## Data listing
--------------------
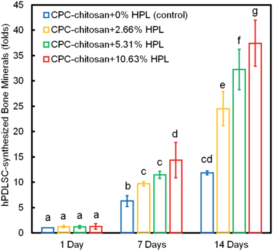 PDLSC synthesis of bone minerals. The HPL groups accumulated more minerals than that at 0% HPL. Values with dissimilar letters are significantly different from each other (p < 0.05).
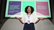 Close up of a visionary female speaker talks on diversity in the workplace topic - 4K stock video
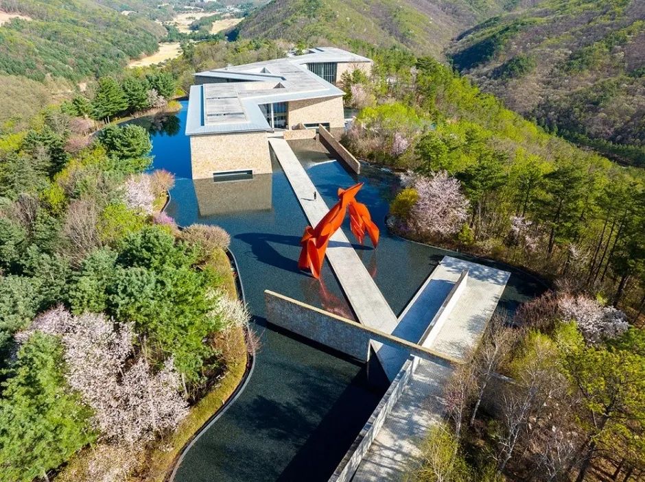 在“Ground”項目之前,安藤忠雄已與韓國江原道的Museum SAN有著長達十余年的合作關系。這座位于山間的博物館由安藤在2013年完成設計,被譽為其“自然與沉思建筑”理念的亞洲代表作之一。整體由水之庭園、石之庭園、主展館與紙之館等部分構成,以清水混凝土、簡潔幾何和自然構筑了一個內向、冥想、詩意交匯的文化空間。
--------------------
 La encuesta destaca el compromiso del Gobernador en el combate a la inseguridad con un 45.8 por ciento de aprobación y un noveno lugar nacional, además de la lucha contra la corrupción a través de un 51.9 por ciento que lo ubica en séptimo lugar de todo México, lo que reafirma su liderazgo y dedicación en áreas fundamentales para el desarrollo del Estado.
--------------------
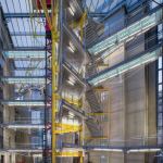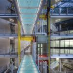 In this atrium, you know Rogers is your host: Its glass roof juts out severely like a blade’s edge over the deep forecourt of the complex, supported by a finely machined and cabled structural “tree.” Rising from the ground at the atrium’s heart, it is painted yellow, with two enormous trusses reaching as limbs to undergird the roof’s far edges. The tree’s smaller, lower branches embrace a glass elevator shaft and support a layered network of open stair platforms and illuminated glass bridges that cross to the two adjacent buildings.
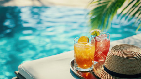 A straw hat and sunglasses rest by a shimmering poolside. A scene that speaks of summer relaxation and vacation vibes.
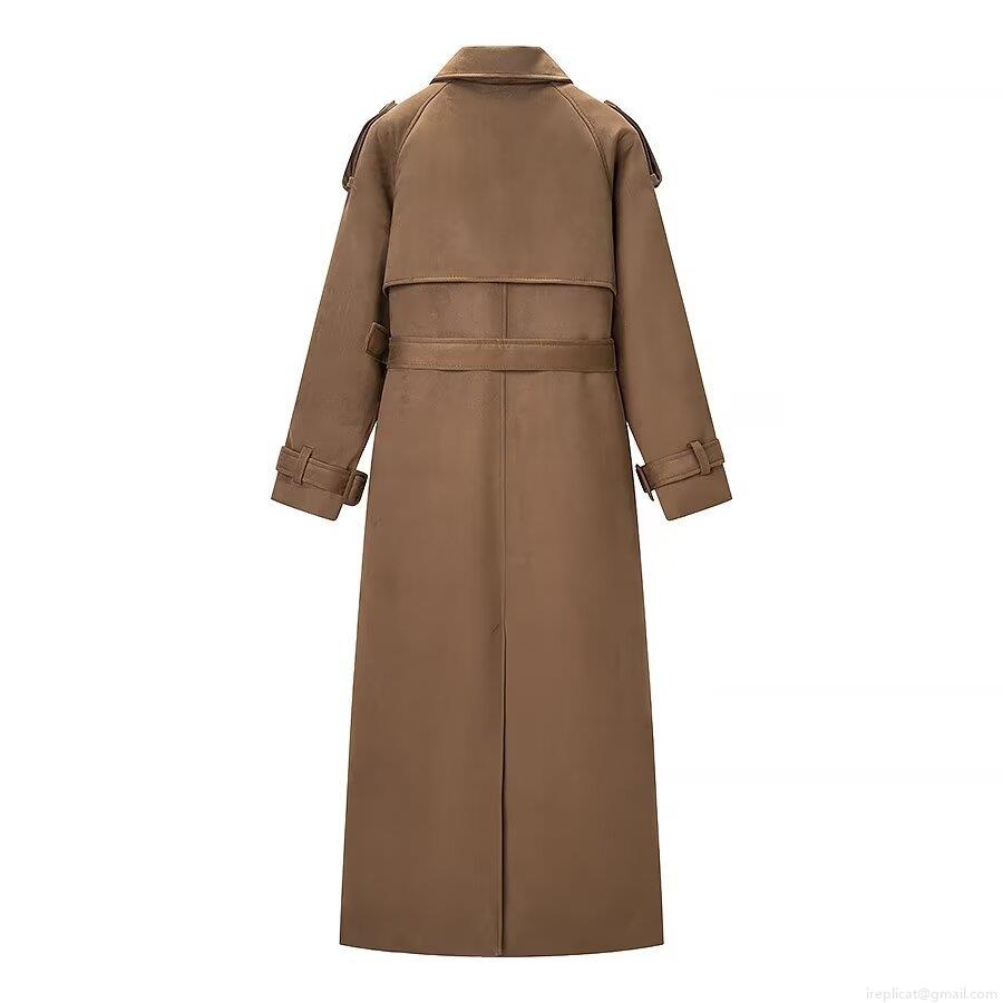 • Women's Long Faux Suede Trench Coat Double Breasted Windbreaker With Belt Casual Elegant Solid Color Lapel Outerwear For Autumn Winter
--------------------
## Task prompt
In the entries above, find the line with "A straw hat" and the line with "For Autumn Winter". Write out exactly those two lines and every line between them, pictures excluded.

## Exercise answer
 A straw hat and sunglasses rest by a shimmering poolside. A scene that speaks of summer relaxation and vacation vibes.
 • Women's Long Faux Suede Trench Coat Double Breasted Windbreaker With Belt Casual Elegant Solid Color Lapel Outerwear For Autumn Winter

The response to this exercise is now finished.